I altered Lindsay's recipe slightly, as I did not want to spend all day at our Safeway trying to find coconut milk...instead I used regular 2% (it's what we had in the fridge) and an extra 1/4 cup sugar.  (I later realized we had coconut extract I could have substituted into the regular milk, but oh well!)



After cutting up about 2 cups of strawberries, throw them in the blender or food processor until they look like this.


This is what the batter looked like for the first batch.  They came out a little on the brown side, not pink at all, so I added some red icing coloring.


Notice the tiny cupcake creeper in the background...beware, they have been known to take off with unattended cupcakes from time to time!
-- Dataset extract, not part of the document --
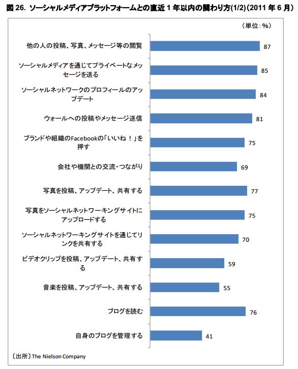 「ソーシャルネットワークのプロフィールのアップデート(84%)」も利用方法として多く、ソーシャルネットワーク上での積極的な交流に加え、自身のプロフィール情報の更新も積極的に行われている。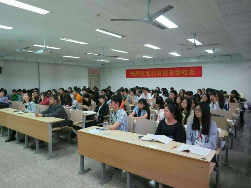 下午两点四十,119教室里早已座无虚席,同学们都在激动地讨论着今天的主讲嘉宾,学生会的学生干部们也在积极地布置教室,在教室后方挂着醒目的“热烈欢迎北京校友会校友”横幅,以表示对北京校友会校友的热烈欢迎。三点左右,讲座正式开始。学院党委副书记付亚致辞,简要介绍了北京校友会以及北京校友会与禁忌书屋

Strawberry Champagne Cupcakes
makes 24 cupcakes  adapted from Love & Olive Oil

2 1/2 cup flour
1 teaspoon salt
1 teaspoon baking powder
1 teaspoon baking soda
2/3 cup milk (whichever you prefer)
2/3 cup champagne/sparkling white wine
2/3 cup strawberry puree (2 cups diced strawberries)
1 3/4 cup sugar
2/3 cup vegetable oil
1 teaspoon vanilla

1/4 tsp. Wilton red icing coloring



Preheat oven to 350 degrees F. Line a muffin pan with paper liners.
In a large bowl, sift together flour, baking powder, baking soda, and salt.
Pour diced strawberries into a food processor or blender and puree evenly.  Measure out 2/3 cup for the cupcakes and set the rest aside for the frosting to be made later.
In a separate bowl, whisk together milk, champagne, strawberry puree, sugar, vanilla, and oil. Make a well in the center of the dry ingredients and pour in the wet ingredients. Mix until relatively smooth. Fill cupcake liners with a scant 1/4 cup of batter (cups should be just under 2/3 of the way full). Bake for 18-22 minutes or until set, and toothpick inserted in the center comes out clean. Transfer to cooling rack and allow to cool completely.



You want your frosting to be this type of consistency.


Strawberry Vanilla Butter Cream frosting
1 c softened butter (or margarine)
2-3 c powdered sugar
1 tsp vanilla extract
1/4 c strawberry puree (leftover from cupcakes)
1-2 Tbsp. cream or milk (if needed)


In the bowl of your stand mixer, beat butter until smooth and fluffy.  Pour in the leftover strawberry puree then add powdered sugar 1/2 cup at a time , mixing well to incorporate between additions, until a good piping consistency is reached.  If the frosting becomes too stiff from too much powdered sugar, just add a little bit of cream or milk so that it can be piped onto cupcakes easily.










Time to enjoy...maybe with a side of leftover champagne and strawberries!